Use this node after generating MSAs. Typical workflow: 1) Run MSA Search to produce A3M alignments for your sequences, 2) Feed the resulting A3M dict into Alphafold to obtain ranked PDB structures. Choose TEST mode for quick sanity checks, and PROD for full runs.

Inputs

FieldRequiredTypeDescriptionExample
a3mTrueA3MMultiple sequence alignments in A3M format, provided as a dict mapping sequence IDs to A3M content. Keys represent sequence IDs; values are the corresponding A3M strings.{"seq1": ">seq1\nMKT...\n>homolog1\nMKV...\n", "seq2": ">seq2\nGAA..."}
search_templatesTrueBOOLEANWhether to perform template search prior to prediction. Can improve accuracy but increases runtime.false
model_presetTrueSTRINGAlphafold model configuration to use.

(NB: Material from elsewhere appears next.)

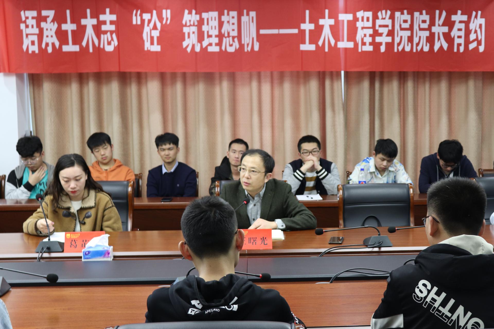 活动伊始,王曙光院长向同学们介绍了土木工程的科学内涵以及太阳成官网土木学科的特点与优势。他指出,作为工科学子,在做好工学知识储备的同时,也要注重人文素养的积累,做一个全面发展的新时代新青年。在随后的交流环节中,同学们踊跃发言,围绕互联网时代智能建造发展前景、新时代土木人应具备的专业素养、BIM技术在工程实践中的应用、土木工程行业未来发展趋势等方面提出了自己的疑问与困惑。王院长针对同学们提出的问题一一详细解答,并希望同学们紧抓基础课程的学习,打好扎实的专业基础,牢牢把握土木行业智能化这一革新机遇,在土木行业的广阔天地里建功立业。

Supported: monomer, monomer_ptm, monomer_casp14. The value "multimer" is listed but not supported and will error.monomer_ptm
models_to_relaxTrueSTRINGWhen to run relaxation (NONE, BEST, ALL). Currently not supported; must be NONE.NONE
enable_gpu_relaxTrueBOOLEANWhether relaxation runs on GPU or CPU. Has no effect currently since relaxation is not supported.true
skip_modelsTrueSTRINGComma-separated list of Alphafold model indices (1–5) to skip during prediction. At least one model must remain. Example: "2,5" to skip models 2 and 5.2,4
seedTrueINTBase random seed. For multiple sequences, each subsequent sequence uses an incremented seed (seed + index).42
modeTrueSTRINGRun mode: MOCK (returns predefined results), PROD (calls the service), TEST (uses minimal parameters for quick checks). In TEST mode, template search is disabled and only model 1 is used.PROD

Outputs

FieldTypeDescriptionExample
folding.pdbPDBRanked predicted structures for each input sequence as a dict. Keys are composed of the input sequence ID and model/rank identifiers; values are PDB file contents.{"seq1_model_1_rank_1": "ATOM ...", "seq1_model_1_rank_2": "ATOM ..."}

Important Notes

  • Model limitations: Multimer model is not supported and will raise an error if selected.
  • Relaxation unsupported: models_to_relax must be NONE; BEST and ALL are not currently available.
  • skip_models validation: Values must be integers 1–5 and cannot skip all five models; at least one model must run.
  • TEST mode behavior: Automatically disables template search and runs only model 1 (equivalent to skipping models 2–5).
  • Input consistency: The A3M dict keys (sequence IDs) must match the extracted FASTA IDs; mismatches will error.
  • Seeding per sequence: For multiple sequences, the seed used is incremented per sequence (seed + index), aiding reproducibility.
  • Runtime considerations: Longer sequences and enabling template search increase runtime and compute requirements.

Troubleshooting

  • Error: Multimer model is not supported: Set model_preset to a supported monomer variant (monomer, monomer_ptm, or monomer_casp14).
  • Error: Relaxation is not supported: Ensure models_to_relax is set to NONE.
  • Error: Expected models indices in skip_models to be in range [1, 5]: Provide a comma-separated list with values from 1 to 5 only.
  • Error: Cannot skip all 5 models: Remove at least one index from skip_models so at least one model runs.
  • Error: Expected FASTA IDs to match features IDs: Ensure A3M keys correctly correspond to the sequence IDs; do not rename keys between steps.
  • Unexpectedly fast results in MOCK mode: Verify mode is set to PROD for real predictions.
  • Long queue or timeout feelings: Reduce sequence length, disable template search, or use TEST mode to validate pipeline quickly before full runs.